А теперь все опять по-старому, обычная рабочая мясорубка. Никакого периода послепраздничной релаксации. Такое впечатление, что основная масса офисного скота просто не заметила Рождества и Нового года. Старый козел Айткен, я слышал, даже радовался вслух, что праздники наконец прошли и все вернулось в норму.
Норма.
Фой давеча зарядил мой отчет на перепроверку, надеясь, что Айткен или еще кто-нибудь из записных жополизов исправит ситуацию и мои разгромные замечания не перейдут на следующую ступень, не лягут на стол Куперу, этому лишенному чувства юмора чурбану. И вот толстяк вылетает из своего кабинета, рожа красная от ярости, – и мелкий скользкий червяк Кибби сейчас получит по самые гланды, причем на глазах всего народа – так сказать, в назидание. Отличный ход! А главная прелесть в том, что я типа ни при чем.
Фой подбегает к столу Кибби и швыряет отчет – шлеп! Бедный слизняк съеживается в комок, даже не дождавшись, пока начальник откроет рот.
– Это что за херня?! – ревет Фой. – Ты понимаешь, что это повторная проверка? Что результат отправляется наверх?! – Он яростно тычет пальцем в потолок.

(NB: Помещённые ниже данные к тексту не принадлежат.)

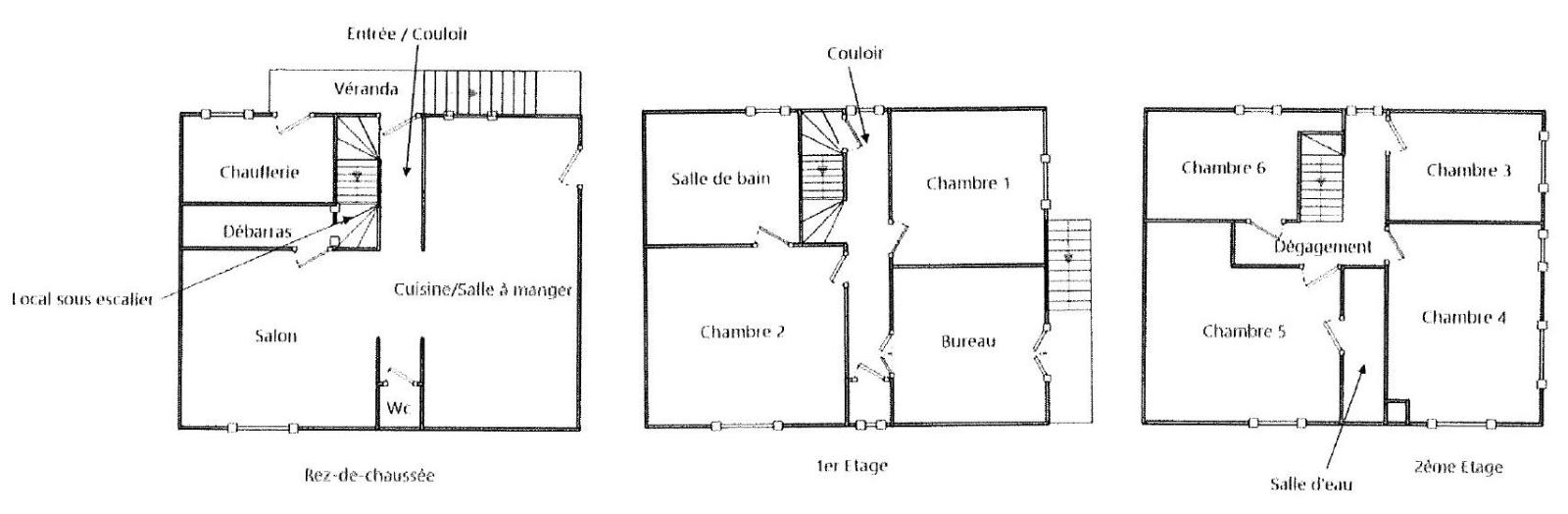 - 1er étage : Trois chambres - Salle de bains avec WC + WC indépendant

– Но у него действительно грязная кухня, – лепечет жалкий хомяк Кибби, и грозный Фой – о наслаждение! – чуть не падает в обморок, пытаясь сообразить, как теперь уладить дело с де Фретэ. Плакали жирные скидки в «Le Petit Jardin», плакали забронированные столики и особый сервис!
– Это тебе не дешевая харчевня в Киркалди, дуралей! – надрывается Фой, орошая Кибби слюной, заставляя его по-черепашьи втянуть голову в воротник; слово «дуралей» в устах начальника звучит убийственнее самого страшного ругательства. – Это ресторан Алана де Фретэ!

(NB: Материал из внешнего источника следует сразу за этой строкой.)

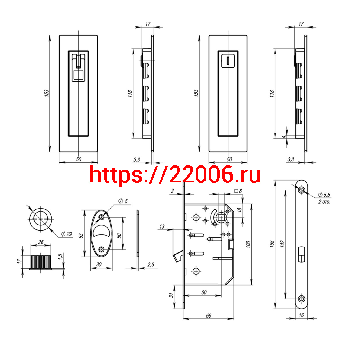 - Защелка Armadillo (Армадилло) с ручками для раздвижных дверей SH.URB153.KIT011-BK (SH011 URB) BL-26 черный в Туринске недорого

Кибби поднимается, пытаясь собрать остатки отваги, но поджилки у него трясутся, щеки пышут румянцем, а в глазах стоят слезы. Фой подшагивает вплотную, как ястреб, пикирующий на цыпленка, – угадайте, кто здесь цыпленок, – и зловещим шепотом вопрошает:
– Телевизор дома есть?
Со мной явно что-то не так. Понятно ведь, что Фой – грубый и жестокий подонок, сорванный с катушек продажный психопат, любящий обижать слабых. Почему же я наслаждаюсь этой сценой?
– Ты его хоть иногда смотришь? – трагически продолжает начальник, и я буквально вижу призрачный лавровый венок у него за ушами.
– Д-д-д-да…
Фой понижает голос еще на октаву:
– Тогда ты не можешь не знать о передаче под названием «Секреты шеф-поваров». По центральному шотландскому каналу сразу после новостей, верно?
– Да…
– Значит, тебе знаком ведущий этой передачи Алан де Фретэ из ресторана «Le Petit Jardin», – рассудительно продолжает Фой.
– Да…
– И ты понимаешь, что это очень, очень, очень влиятельный человек… – совсем уже ласково заключает он, убаюкивая тупо кивающего Кибби, прежде чем взорваться ему в лицо яростным: – И НЕХЕР НА НЕГО НАЕЗЖАТЬ!!!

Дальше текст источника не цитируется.